SUPPLIED MATERIAL -
* * *
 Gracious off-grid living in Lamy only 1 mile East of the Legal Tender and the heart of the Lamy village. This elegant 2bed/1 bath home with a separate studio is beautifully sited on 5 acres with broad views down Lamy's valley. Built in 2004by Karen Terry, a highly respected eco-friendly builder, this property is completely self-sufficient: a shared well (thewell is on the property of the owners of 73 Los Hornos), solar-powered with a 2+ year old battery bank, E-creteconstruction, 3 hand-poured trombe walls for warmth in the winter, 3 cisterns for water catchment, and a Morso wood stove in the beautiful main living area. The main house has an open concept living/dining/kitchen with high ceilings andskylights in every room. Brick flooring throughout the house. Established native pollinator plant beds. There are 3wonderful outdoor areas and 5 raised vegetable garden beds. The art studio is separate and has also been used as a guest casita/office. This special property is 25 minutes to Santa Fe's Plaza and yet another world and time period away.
* * *
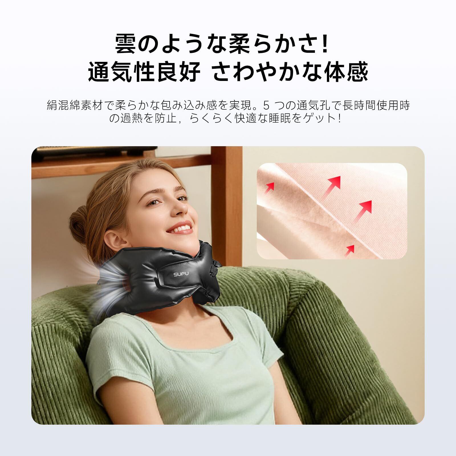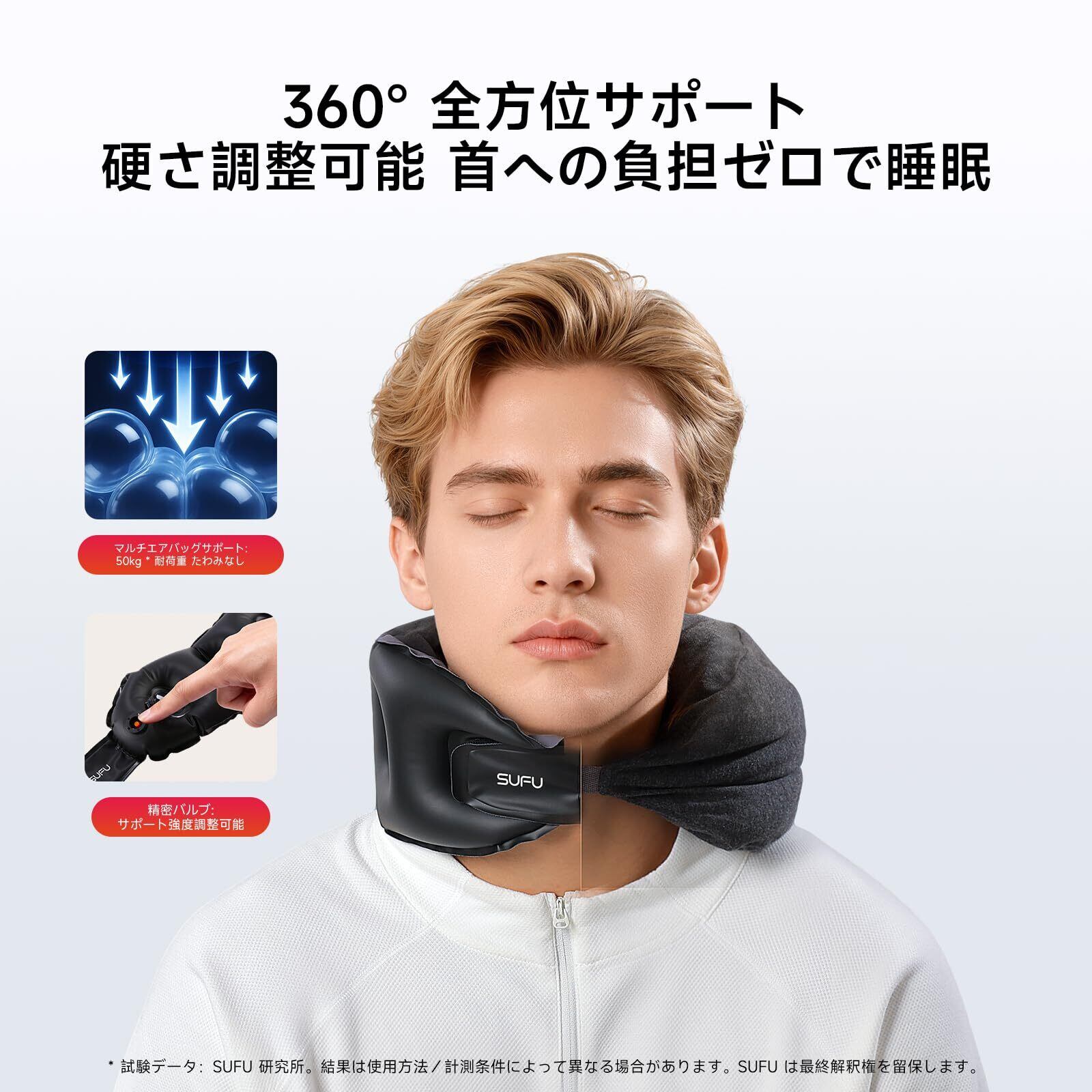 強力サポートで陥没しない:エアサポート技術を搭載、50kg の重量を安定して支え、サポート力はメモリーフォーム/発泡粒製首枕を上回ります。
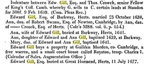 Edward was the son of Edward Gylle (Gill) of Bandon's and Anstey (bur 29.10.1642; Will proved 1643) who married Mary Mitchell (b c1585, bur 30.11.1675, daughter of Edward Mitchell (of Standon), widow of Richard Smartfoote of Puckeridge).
* * *
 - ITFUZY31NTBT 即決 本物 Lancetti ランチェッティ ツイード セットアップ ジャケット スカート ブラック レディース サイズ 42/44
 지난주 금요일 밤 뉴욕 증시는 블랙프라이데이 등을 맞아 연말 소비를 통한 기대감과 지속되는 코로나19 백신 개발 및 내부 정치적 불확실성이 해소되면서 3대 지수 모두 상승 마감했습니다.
* * *
TASK PROMPT - Using the data above, copy exactly the lines from the one containing "強力サポートで陥没しない:エ" to the one containing "Edward was the", inclusive. Exclude the pictures.

YOUR SOLUTION -
 強力サポートで陥没しない:エアサポート技術を搭載、50kg の重量を安定して支え、サポート力はメモリーフォーム/発泡粒製首枕を上回ります。
 Edward was the son of Edward Gylle (Gill) of Bandon's and Anstey (bur 29.10.1642; Will proved 1643) who married Mary Mitchell (b c1585, bur 30.11.1675, daughter of Edward Mitchell (of Standon), widow of Richard Smartfoote of Puckeridge).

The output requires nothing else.